Lots of sex, no sex: Figuring out a pregnant woman’s libido is like trying to crack the Davinci Code. In the first 3 months, your very presence may repulse her. 2 weeks later, she may rip your clothes off at the door. Your job is to know and understand you’re putty in her thighs – conform. Yes, you are a piece of meat. The tables have turned. Deal with it.
When the Baby comes
So, you’ve lived through 9 months of hell and didn’t run out for a carton of milk, never to be seen again. You (don’t) deserve a medal. After all, “it takes two hands to clap”. She didn’t make this baby on her own, and should not have to take care of it on her own. Welcome to a world of poo, vomit and sleepless nights!
Your baby: Your child is perfect. God made babies cute so that we wouldn’t run out on them. His/her arrival signals the beginning of real change in your life, Modern Dad, because you will be totally involved in all things ‘baby’. You will have many sleepless nights, and not because you’ve been out partying till 5 a.m. You know how you feel on Monday when you’ve pulled an all-nighter in the club the Sunday before? Now wrap your mind around the notion of going to work and feeling Like. That. Every. Day.

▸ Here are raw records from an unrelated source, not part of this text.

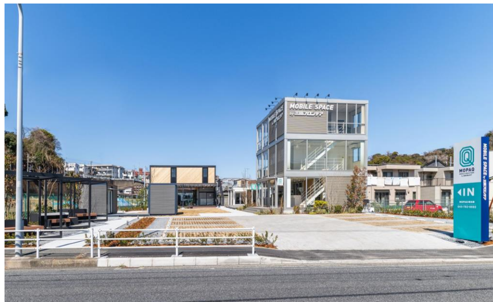
【MOPAQ春日部】 2023.11.10 リニューアル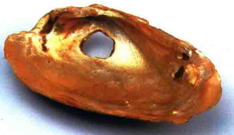
六枝桃花洞穿孔蚌器(贵州省博物馆藏)

市境内出土的众多史前石器中,最具工艺审美价值的当数1954年出土于盘县沙沱的磨制石铤。该石器系一放牛小孩拾得并捐献,通高7.7厘米,厚1.5厘米,刃宽5.2厘米,微弧,两肩对称,宽5厘米,位于高3.8厘米处,约略倾斜。石铤通身磨制,石质坚硬,加工难度大,工艺精细。磨制石铤通体红色,间有少许牙白色,部分透明,润泽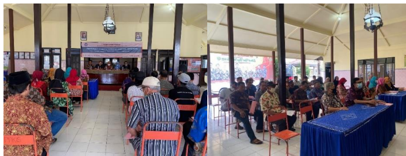
Gambar 2. Dokumentasi Kegiatan Pendampingan

Secara keseluruhan, kegiatan Pengabdian kepada Masyarakat ini memberikan kontribusi nyata dalam meningkatkan literasi hukum masyarakat desa, memperkuat kesadaran hukum, serta mendorong penyelesaian sengketa secara damai dan berkeadilan. Oleh karena itu, kegiatan serupa perlu dilakukan secara berkelanjutan dan diperluas cakupannya, baik dari segi materi maupun jumlah peserta, agar manfaatnya dapat dirasakan secara lebih luas oleh masyarakat. Dengan meningkatnya pemahaman dan kesadaran hukum masyarakat, diharapkan potensi sengketa hukum waris dan pertanahan di Desa Pakisrejo dapat diminimalkan, sehingga tercipta kehidupan masyarakat yang harmonis, tertib hukum, dan berkeadilan.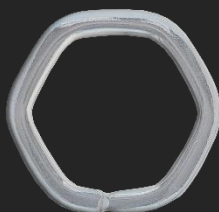
BR7 6.7G H27.3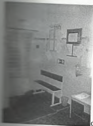
Φοτο Νο 3-7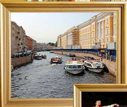
ล่องเรือแม่น้ำ NEVA ฉลองฤดูหนาว white night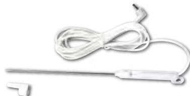
子機用 温度プローブ (1本)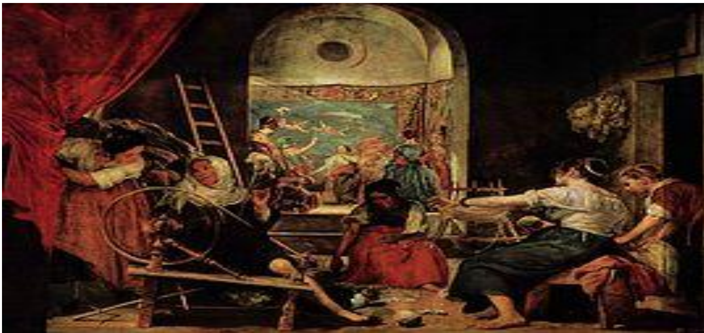
Веласкес , Состязание Афины с Арахной , 1644 — 1648 , Прадо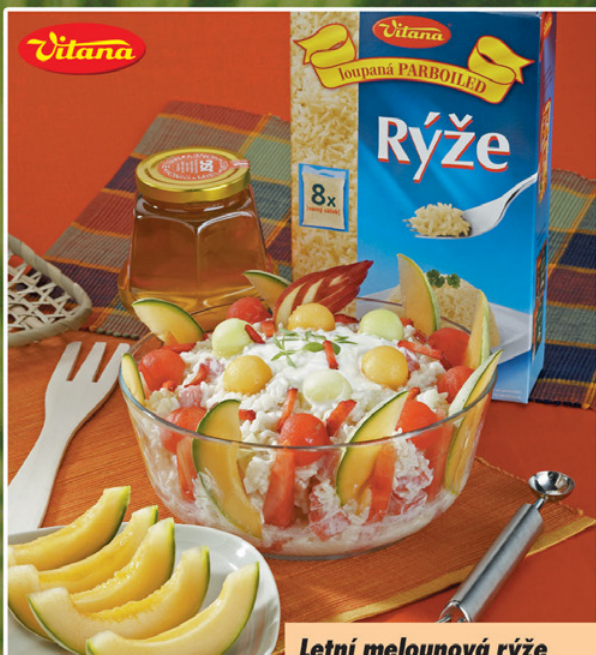
Loupanou rýži Vitana zakoupíte v našem hypermarketu.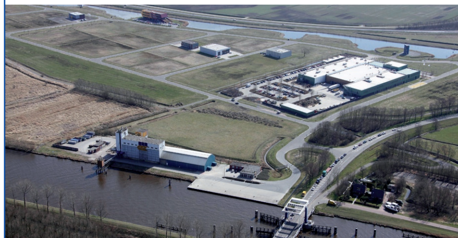
Op de voorgrond Graansilo Appingedam aan het Eemskanaal met op de achtergrond het Bedrijvenpark Fivelpoort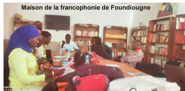
Maison de la francophonie de Foundiougne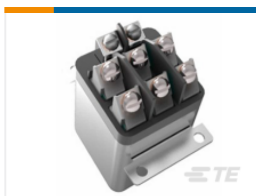
TE 产品编号1617807-5 FC-335-SY8= RELAY, 3PST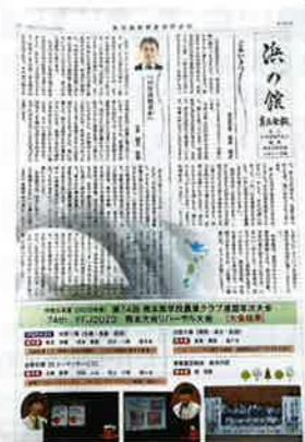
育友会広報紙「浜の館」

本校は平成22年度に旧矢部高等学校と蘇陽高等学校とが再編統合し、現在の矢部高等学校として開校しました。本校では、「自ら気づき、考え行動する」という教育スローガンのもと、すべての教育活動をとおして、生徒の主体性や自らを律する力を育成します。本校は食農科学科、林業科、普通科の3学科で構成され、生徒の進路に応じた学習を行います。熊本県の「スーパーグローバルハイスクール」「クリエイティブハイスクール(地域課題解決型)」の指定も受け、それぞれの特色を生かし、地域に密着した探究的な学習をとおして「実践する力」にも磨きをかけています。また、山都町の支援のもと、「地域みらい留学」を活用し、生徒の全国募集にも取り組んでいます。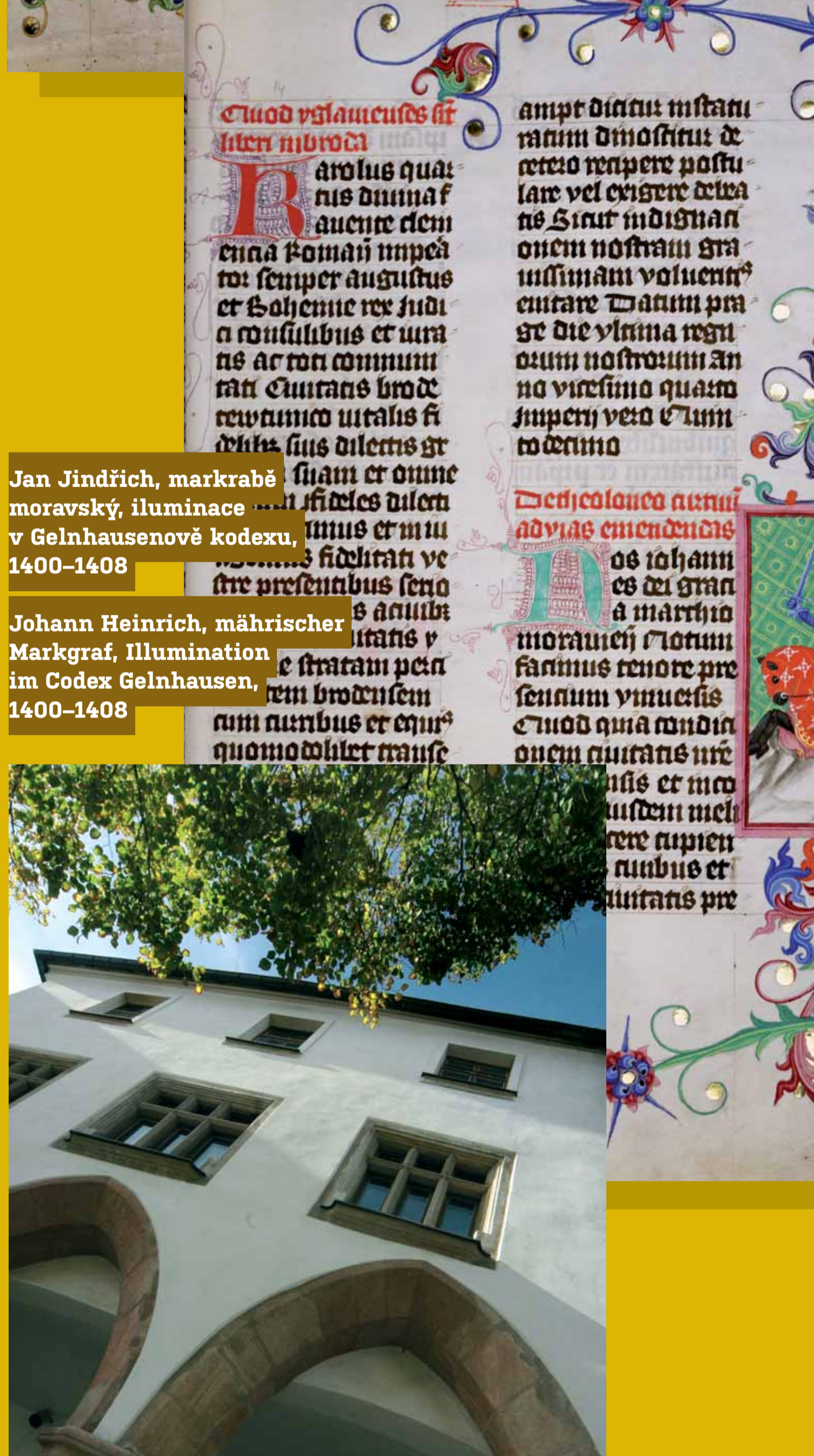
Jan Jindřich, markrabě moravský, iluminace v Gelnhausenuv kodexu, 1400-1408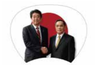
安倍首相とトンシン首相のうちわ

Why the house isn’t clean: Your otherwise neat girl/wife has let the house to CRAP. You walk in the door, and wonder why nobody let YOU know there was a tornado rolling through your hood. For the sake of peace and harmony, go ahead and plug in the Dirt Devil and tackle at least part of the mess. You will be a hero.
Why your girl/wife isn’t clean: The worst thing you can say to a woman who has been cooped up in a house with a new infant all day (for 6 weeks) is “you stink”. She knows she stinks. She hasn’t bathed in 2 days, and every 2 hours some kid wants to suckle on her sore nips. You’d stink if you were in prison and only manages to sneak in an ablution 3 times a week as well.

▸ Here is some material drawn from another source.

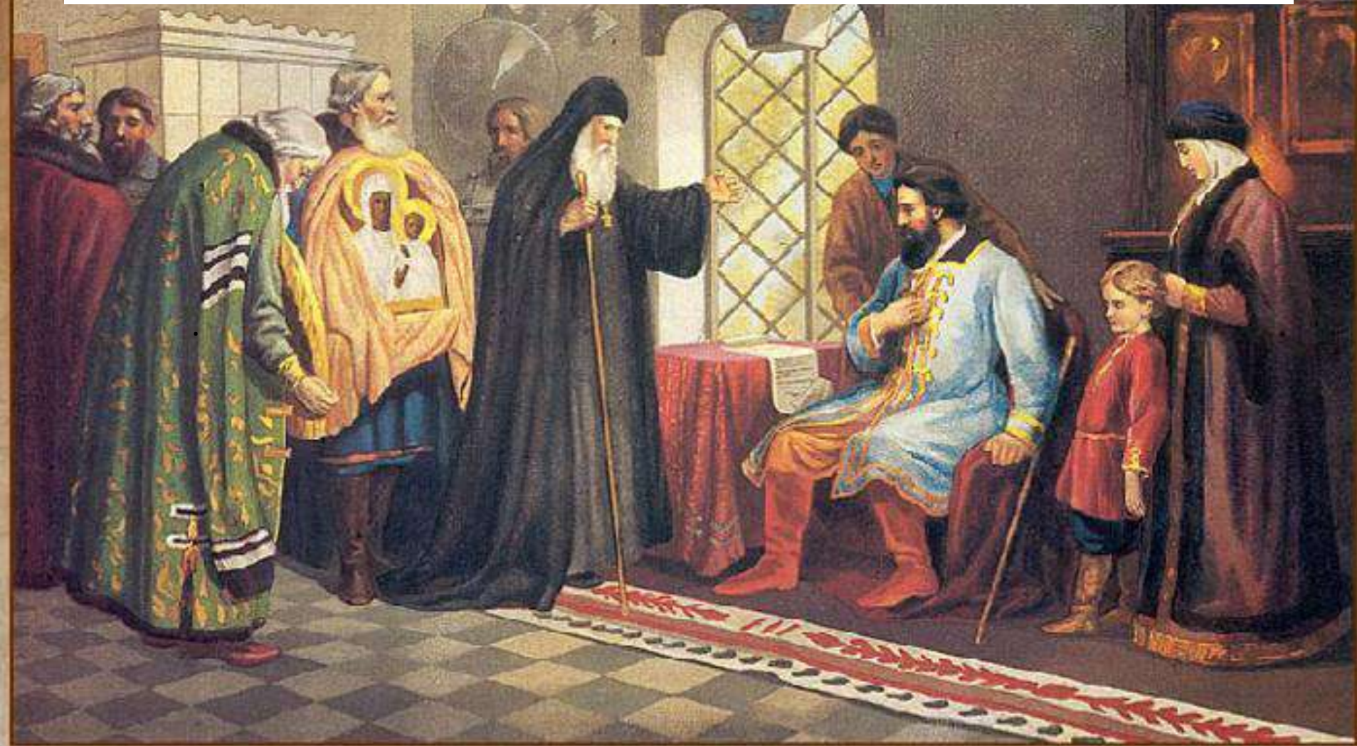
Нижегородские послы у князя Дмитрия Пожарского. 1611 г.

You and your baby: The first time you get left at home alone with the baby DON’T PANIC! It will truly be ok. A baby needs only 3 things: A full belly, an empty diaper and loads of sleep. Make sure you have provided all 3 of these things, and you can sit back and watch the game all afternoon. Women are multi-taskers; men are not. You can sit there and mindlessly hold the baby and watch the tube all day. It really isn’t a problem. Only an exceptional women could ever waste her day like this – which is why your house always looks like crap…she’s doing too much at once, capice?
All this love!: In the very distant future, when you’re sitting in front of your lap-top, your Wii, watering the grass…whatever your fancy is…you’ll be interrupted by 5 little fingers tapping you on the forearm.The mouth attached to this arm will inform you of the following:
“I love you, Daddy.”
If you’re a regular guy, you’ll say “I love you too.” If you’re Kwasi Gyekye, you’ll stare blankly at your child for a moment and give him/her a big hug instead. 20 years LATER, you’ll soften up enough to say “I love you” back. All that matters is that the kid knows.
Take heart new fathers, all will be well. If my eloquent eposition did not answer any or all of your questions, seek out a fellow modern dad. I’m sure he’d be happy to answer your questions with a nodding of his head and a few gruff grunts, just as your dad would.